Juíza suspende efeitos da lei que "flexibiliza" construções no Conde, Litoral Sul da Paraíba

A ação civil pública foi impetrada pela Associação do Povo Indígena Tabajara da Paraiba e pela Associação dos Moradores de Gurugi I. A lei foi aprovada pela Câmara e sancionada pela prefeita Karla Pimentel no fim do ano passado.

Publicado em 13/01/2022 às 11:56 | Atualizado em 14/01/2022 às 11:18


                                        
                                            Juíza suspende efeitos da lei que "flexibiliza" construções no Conde, Litoral Sul da Paraíba

				
					Juíza suspende efeitos da lei que "flexibiliza" construções no Conde, Litoral Sul da Paraíba

A juíza Lessandra Nara Torres Silva, da Vara Única de Conde, decidiu suspender, temporariamente, efeito da Lei Complementar (001/2021) que altera a forma de zoneamento e ocupação do solo no município do Litoral Sul da Paraíba.

Na prática, a legislação modifica norma anterior, de 2018, e possibilita, entre outras ações, construir prédios de até três andares na orla, uma quantidade maior de casas em áreas de potencial paisagístico (com visão para o mar) e prédios com mais de sete andares, quando a distância for maior que 500 metros do mar.

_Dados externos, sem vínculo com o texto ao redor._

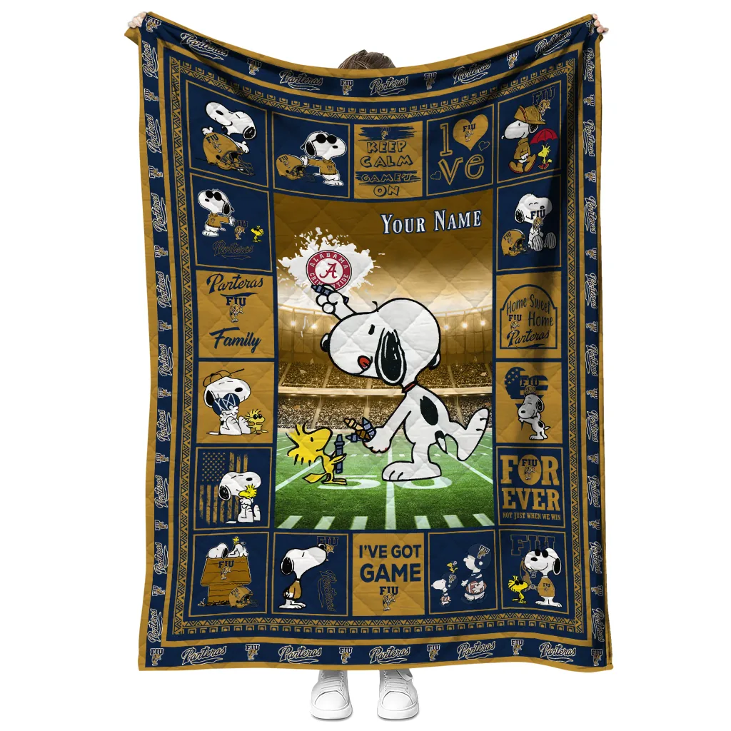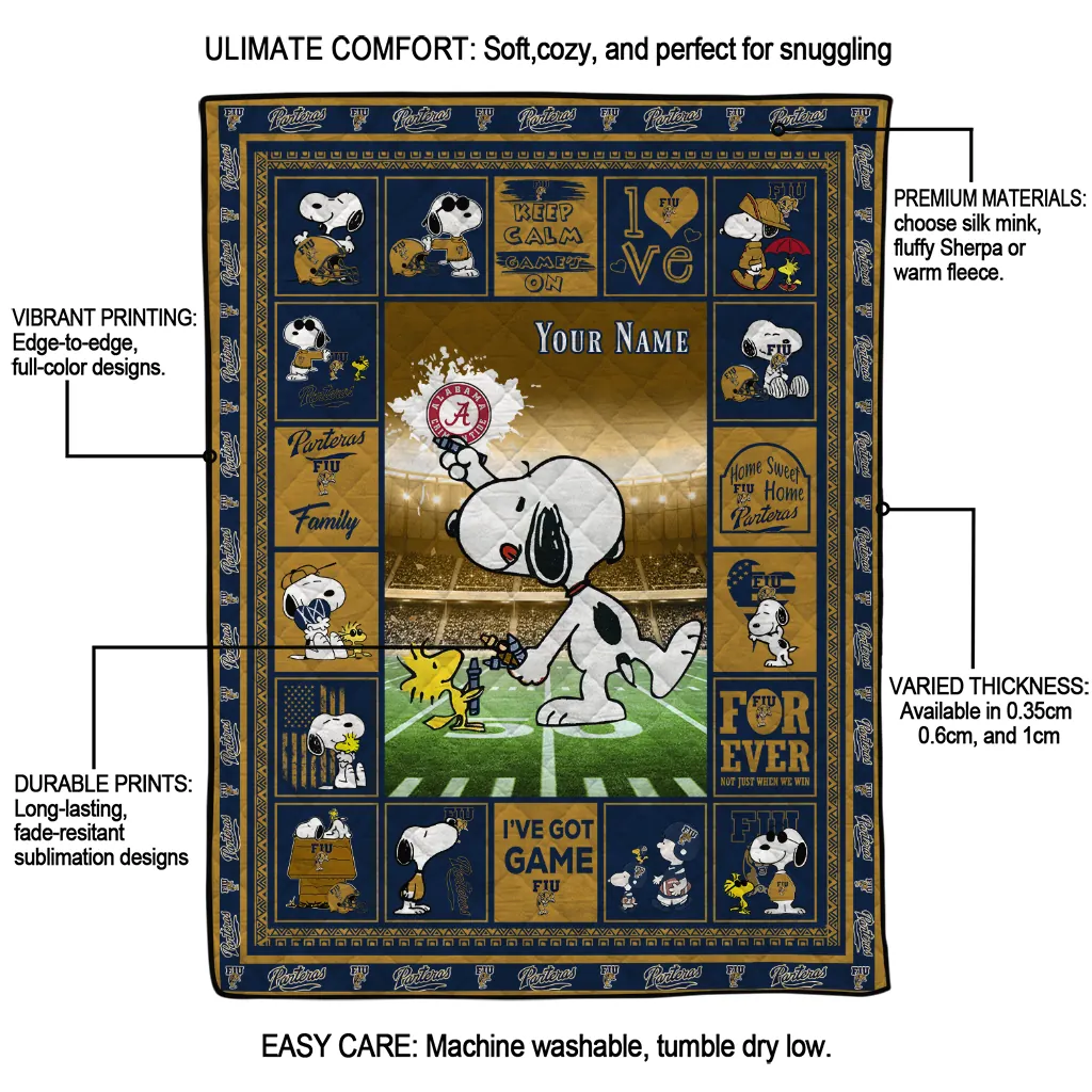 Wrap yourself in warmth and pride with the Personalized FIU Panthers Snoopy Coach Blue Quilt Blanket from the FIU Panthers Blankets collection at Yes That Blanket. Made from 100% premium quilting-weight polyester blended with a touch of microfiber, this quilt offers a smooth, soft finish you’ll love. Choose between two quilting styles—Stipple or Diagonal—and enjoy the comfort of a cotton-filled layer inside that adds extra coziness for every season. The border is available in classic black or white, giving your design a clean, timeless edge.

A lei foi aprovada pela Câmara e sancionada pela prefeita Karla Pimentel no fim do ano passado, depois de alguma polêmicas.

A ação civil pública foi impetrada pelas Associação do Povo Indígena Tabajara da Paraiba e Associação dos Moradores de Gurugi I.

Os grupos que alegaram no pedido que não houve participação popular, transparência e publicidade das propostas, estudos, análises, parecer técnico, planejamento e motivação para as alterações, como prevê legislação de 2018.

Na decisão, a juíza registra parecer do Ministério Público e da Sudema para suspensão dos efeitos das alterações no zoneamento. Diz ainda que a aprovação provocou alterações na política de planejamento e desenvolvimento do município, sem contudo, respeitar o procedimento legal.

Apesar de correta a iniciativa da alteração da lei, a mudança do zoneamento urbano é medida que deve ser precedida de estudos prévios e audiências públicas, visando ao bem comum e não à satisfação de interesses particulares isolados, requisito não observado para a aprovação da lei ora impugnada", afirmou a juíza no documento.

A magistrada deu 30 dias para a Procuradoria-Geral do Município de Conde fazer a defesa. Em nota, a prefeita de Conde, Karla Pimentel, informou que tomou ciência da decisão e irá cumpri-la e apresentar a resposta devida, bem como interpor recursos pertinentes, respeitando todo o processo democrático.

"Por outro lado, tranquiliza os munícipes, eis que todo o processo legislativo fora respeitado, não havendo motivos para a invalidação de uma lei aprovada pela Câmara de Vereadores, sendo certo que a decisão fora tomada em caráter liminar e depois de o Poder Judiciário tomar ciência dos fatos, após exercido o contraditório e ampla defesa, restabelecerá os efeitos da lei que trará imensos benefícios a toda população do Município de Conde", diz a nota.

Sanção

No dia 27 de dezembro, por 8 votos favoráveis, um contra (Rodrigo Gonzaga), os vereadores de Conde aprovaram projeto de lei que altera lei de zoneamento e ocupação do solo no município, que muda as regras de construção de prédios, casas, muros e ocupação do solo no município. No mesmo dia, o projeto de autoria da prefeita Karla Pimentel foi sancionado.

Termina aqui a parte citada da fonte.